What needs to be done:
Copy out all of the lines below exactly; the pictures do not belong in the copy.

Data segment:
_ _ _ _ _

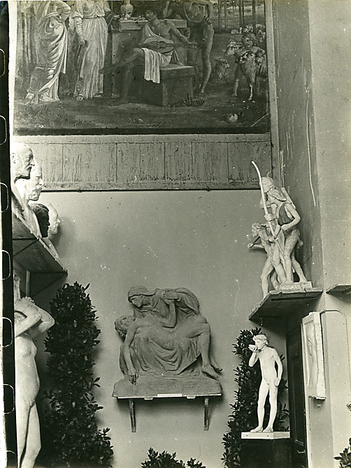 Beschriftung auf der Rückseite: links Fulria (abgeschnitten); Gemälde oben: Gemeinschaftsarbeit von den Töchtern: Irene Sattler, Elisabeth und Irene Hildebrand; von den Modellen für die Hubertusbrunnenfiguren existiert nur noch das vodere für die junge Jägerin
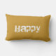 Almofada reversível de tipografia inspiradora amarela e branca Bee happy tem abelha de um lado a palavra feliz do outro lado
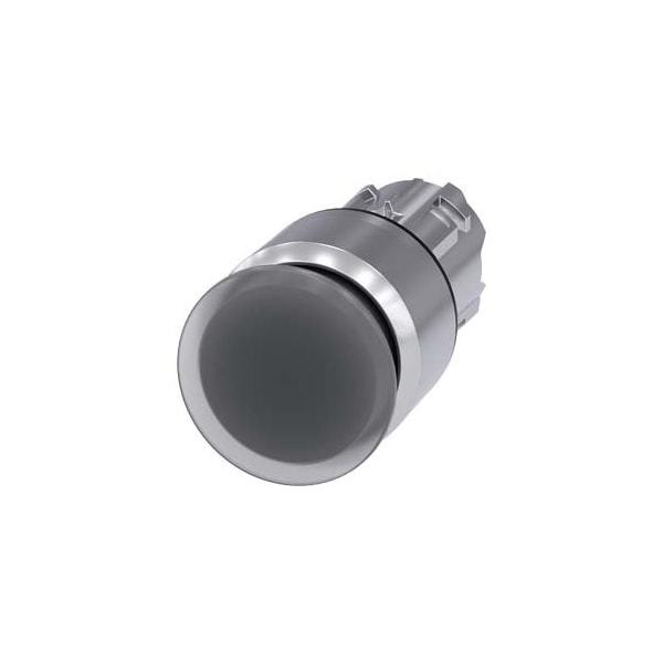 Illuminated mushroom pushbutton, 22 mm, round, metal, shiny, clear, 30 mm, latching, pull-to-unlatch mechanism, with laser labeling, upper case and lower case, always upper case at beginning of line
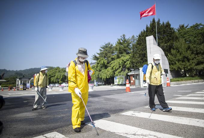 ▲ 지난 29일 오전 서울 동작구 국립서울현충원에서 동작구 방역단이 코로나19 확산 방지를 위한 방역작업을 하고 있다. [정병혁 기자]

_ _ _ _ _

Answer to the problem:
 Beschriftung auf der Rückseite: links Fulria (abgeschnitten); Gemälde oben: Gemeinschaftsarbeit von den Töchtern: Irene Sattler, Elisabeth und Irene Hildebrand; von den Modellen für die Hubertusbrunnenfiguren existiert nur noch das vodere für die junge Jägerin
 Almofada reversível de tipografia inspiradora amarela e branca Bee happy tem abelha de um lado a palavra feliz do outro lado
 Illuminated mushroom pushbutton, 22 mm, round, metal, shiny, clear, 30 mm, latching, pull-to-unlatch mechanism, with laser labeling, upper case and lower case, always upper case at beginning of line
 ▲ 지난 29일 오전 서울 동작구 국립서울현충원에서 동작구 방역단이 코로나19 확산 방지를 위한 방역작업을 하고 있다. [정병혁 기자]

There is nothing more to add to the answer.